Open jpmeijers opened 4 years ago
This issue is missing some details about your environment:
docker info
/etc/docker/daemon.json
docker inspect [container]
(where [container]
is your "stack" container.As always, you may redact sensitive information.
This is an issue with Docker itself, and is unrelated to The Things Stack, so won't be able to fix this. We could however see how we can document it so that users are aware of the issue.
Here's a Gist with details on how to reproduce the problem using netcat: https://gist.github.com/htdvisser/d3a7aff5c05d417964ee33149f96e523
It looks like the only way to work around this issue is to set network_mode: host
for the "stack" service, but I think that would then break routing to the databases
This all assumes that our UDP packet filtering is a sealed solution, but I would argue that the current implementation is pretty rudimentary and there's enough room for improvement.
For example, a very simple next iteration is observing some PULL_DATA
messages, measure the interval between them and take that as heartbeat. Only when a new address is seen from the same gateway and the heartbeat of the old address is still active, we should filter the traffic from the new address. That can go quite fast, i.e. in 10-15 seconds.
@johanstokking please update the issue with what you think needs to happen.
I don't think something should happen here for the time being. Leaving this in Backlog until we gather more ideas, thumbs ups from other community members and progressive insight.
I don't understand why the existing config doesn't cause these to drop. I'l have to set up a test env.
For example we have a connection_expires setting, defaulting to 1 minute
That alone should be evicting stale gateways. What am I missing about the connection staying alive?
Even in the case that configured time period has been extended, the particular line of code blocking this situation should be adding on blockTime (def, 1m) to the lastSeen timestamp. How can the lastSeen timestamp be recent?
It is somehow interrelated with the Docker issue, but even then the observed behaviour so far doesn't match what we're seeing as that describes packets being sent to a "no longer existing" container until the conntrack entries expire. Default expiry on linux is 30s, but even 5m is shorter than we're seeing in the real world -- the ttn servers don't have any kernel options altered to make this super long @htdvisser ? e.g. net.netfilter.nf_conntrack_udp_timeout
and/or net.netfilter.nf_conntrack_udp_timeout_stream
If the packets are routing to the new container, so conntrack is fine, then the TTN udp firewall could drop them with that message except the new container wouldn't have the gateway connection state and so should see all these connections as new (and not error) - all the firewall state is in-memory so ephemeral to the container. So I can't explain @jpmeijers observation.

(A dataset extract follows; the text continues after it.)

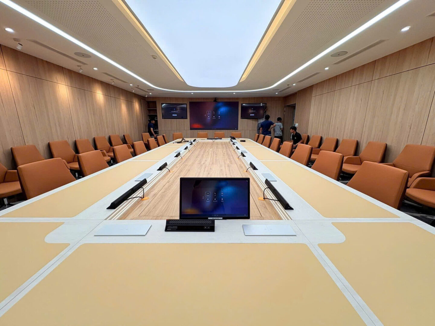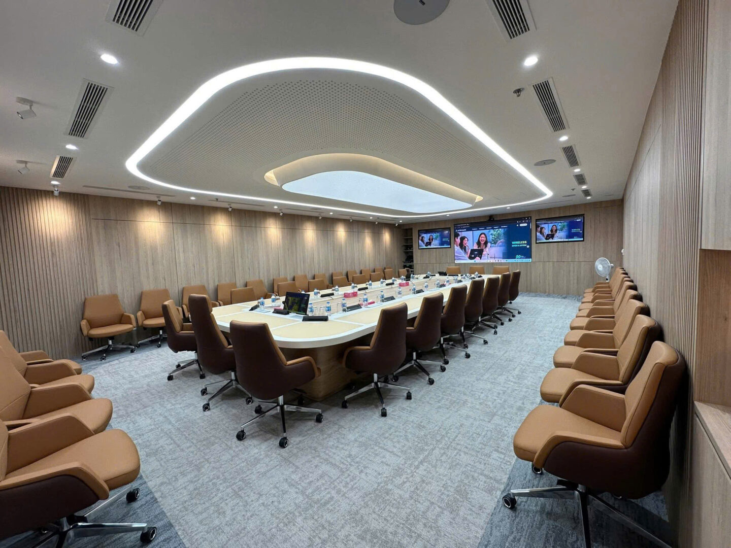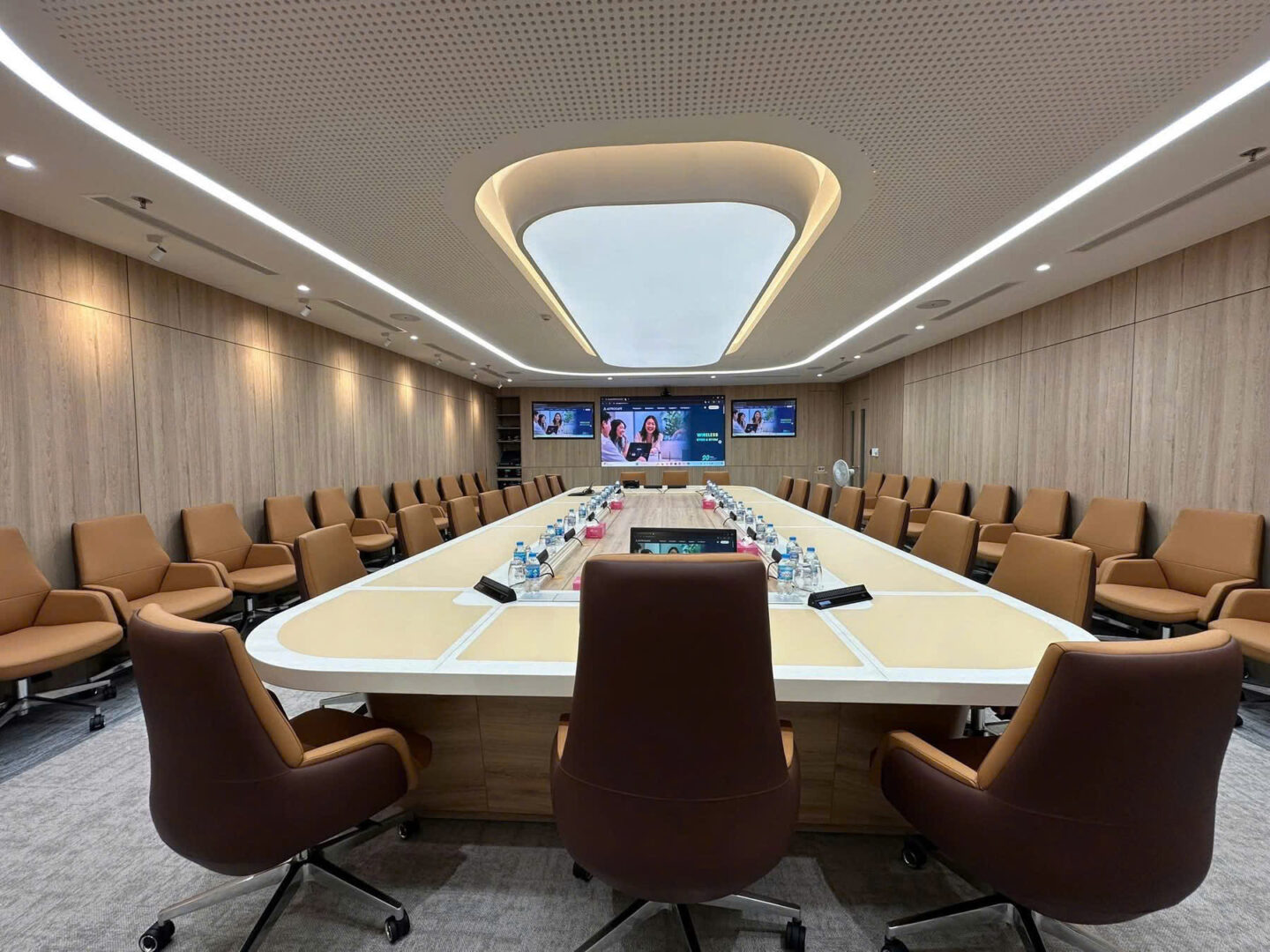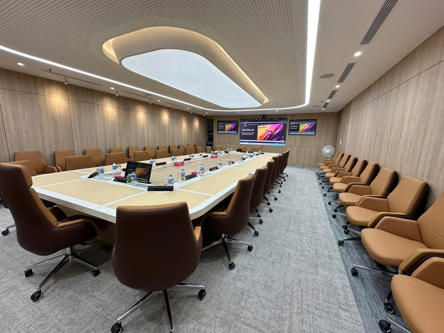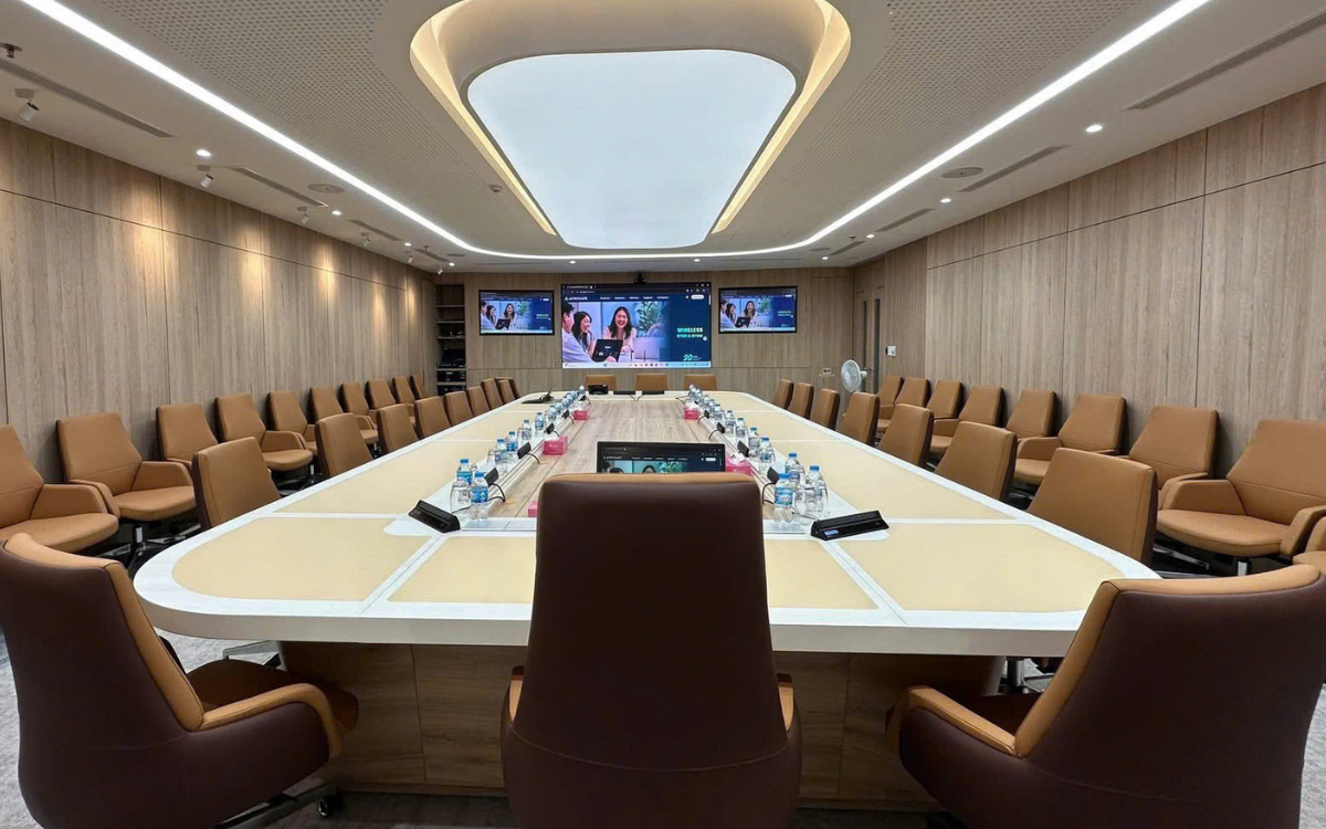 Hệ thống được thiết kế và triển khai dựa trên các tiêu chuẩn kỹ thuật hiện đại, phù hợp với mô hình phòng họp Team Room, đáp ứng hiệu quả nhu cầu họp nội bộ, họp trực tuyến với các đơn vị thành viên và đối tác trong và ngoài nước.

Ah, from @htdvisser on Slack, on #ops a while ago (4 months? Luckily I can still read it) "The default timeout is 1 minute, but that doesn't help if the gateway is actually connected. UDP gateways typically open 2 UDP streams. One for uplink and another for downlink. If Docker somehow shows the correct IP for the downlink stream, but the incorrect IP for the uplink stream, The Things Stack will not expire the IP mapping"
So in timeline terms:
Just clearing it from the connected GW list in the server isn't going to solve it because the internal IP continues to be presented and the conntrack keeps being refreshed -- it'd be recreated almost immediately with the 172.x address. App level filtering of internal IPv4 addresses won't help either as the packets will keep on coming from the GW because it never gets it's PULL_DATA ACKs, the conntrack/Docker weirdness is the issue.
I'm seeing where you all came from now. I've not seen this level of subtle brokenness described on the Docker bug though, and @htdvisser has a repro for it (nice!) so that'll be possible to get fixed there. edit: Found a bug for it, and the exact scenario description fits too edit2: This workaround looks viable. The code fix looks hard as it's a consequence of Netfilter being protocol agnostic, a patch on that doesn't sound likely to be accepted. Getting this conntrack behaviour done on container restart maybe more likely though.

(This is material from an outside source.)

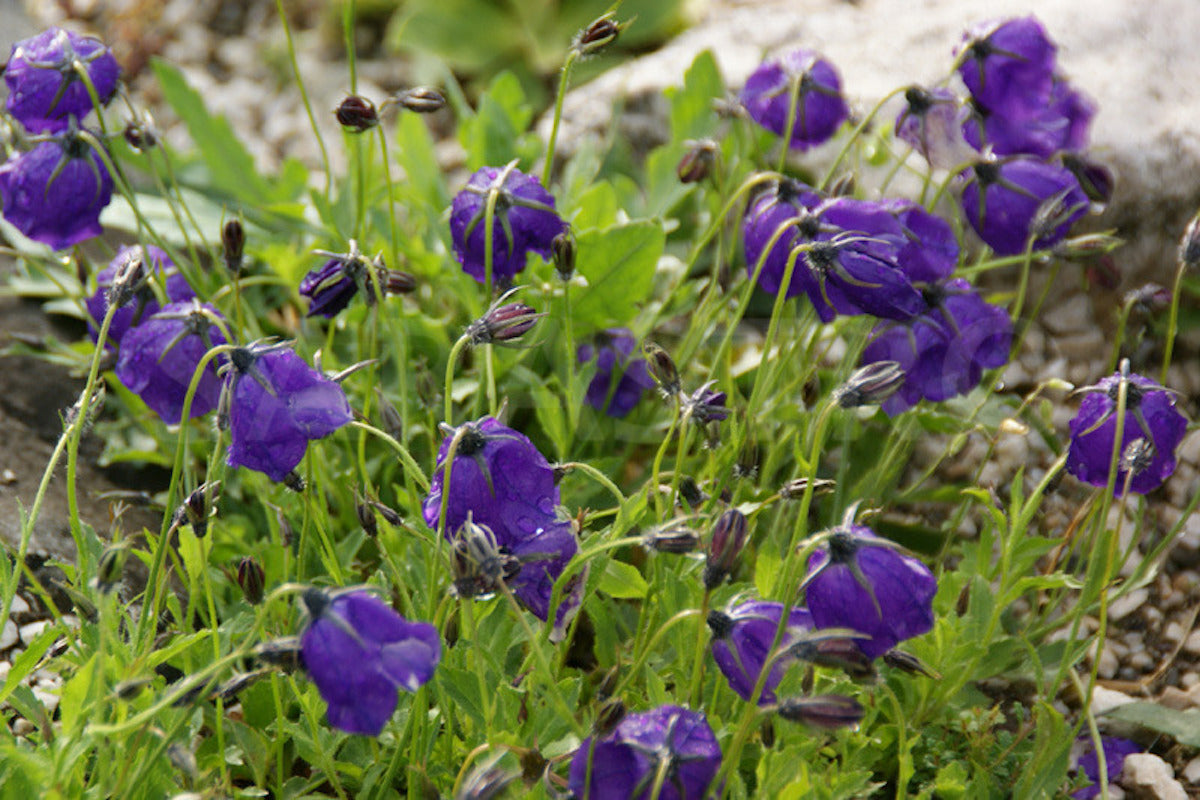 Campanula are late spring and summer flowering perennials that prefer partial sun - but many will tolerate deep-shade and full-ish sun. They grow well in a variety of soils - almost anywhere that isn't too extreme. Campanula usually produce bell-shaped flowers that attract all sorts of wildlife. This feature is so emblematic, that plant taxonomists have even coined the word "campanulate" to mean any bell-shaped flower (note also that Campanula is Latin for "little bell"). However some species of Campanula have 'split-open-type' bell flowers which may start life looking bell-like but soon don't look like bells at all (unless you folded them and glued them together in some origami style).

@ama9910 @KrishnaIyer this is exactly what happened recently in your case.
We are also suffering from this, most likely ill just move to lora-basic-station
This is indeed an unfortunate case of the UDP protocol implementation coupled with docker. We do highly recommend switching to LoRa Basics Station.
As a short term hack, you can try to clear UDP cache via
$ sudo conntrack -D -p udp
We are also suffering from this, most likely ill just move to lora-basic-station
That's a great idea.
Summary
Run The Things Stack using Docker Compose. Connect a gateway that uses the UDP packet forwarder. Update and restart the stack using
docker-compose pull
and thendocker-compose up --force-recreate --build -d
.After the stack is restarted all gateway uplink traffic is dropped with the following error message:
To fix this, one can restart the gateway. This is however not possible in a production setup.
@htdvisser provided a couple of workarounds on Slack
Why do we need this ?
Document the process to follow to get UDP gateways connected directly after updating and restarting the stack. This is necessary in a production environment.
Can you do this yourself and submit a Pull Request?
Probably
Environment
TheThingsStack v3.6.0
docker-info.txt docker-inspect.txt
No
/etc/docker/daemon.json
on my system, as no custom configuration has been done.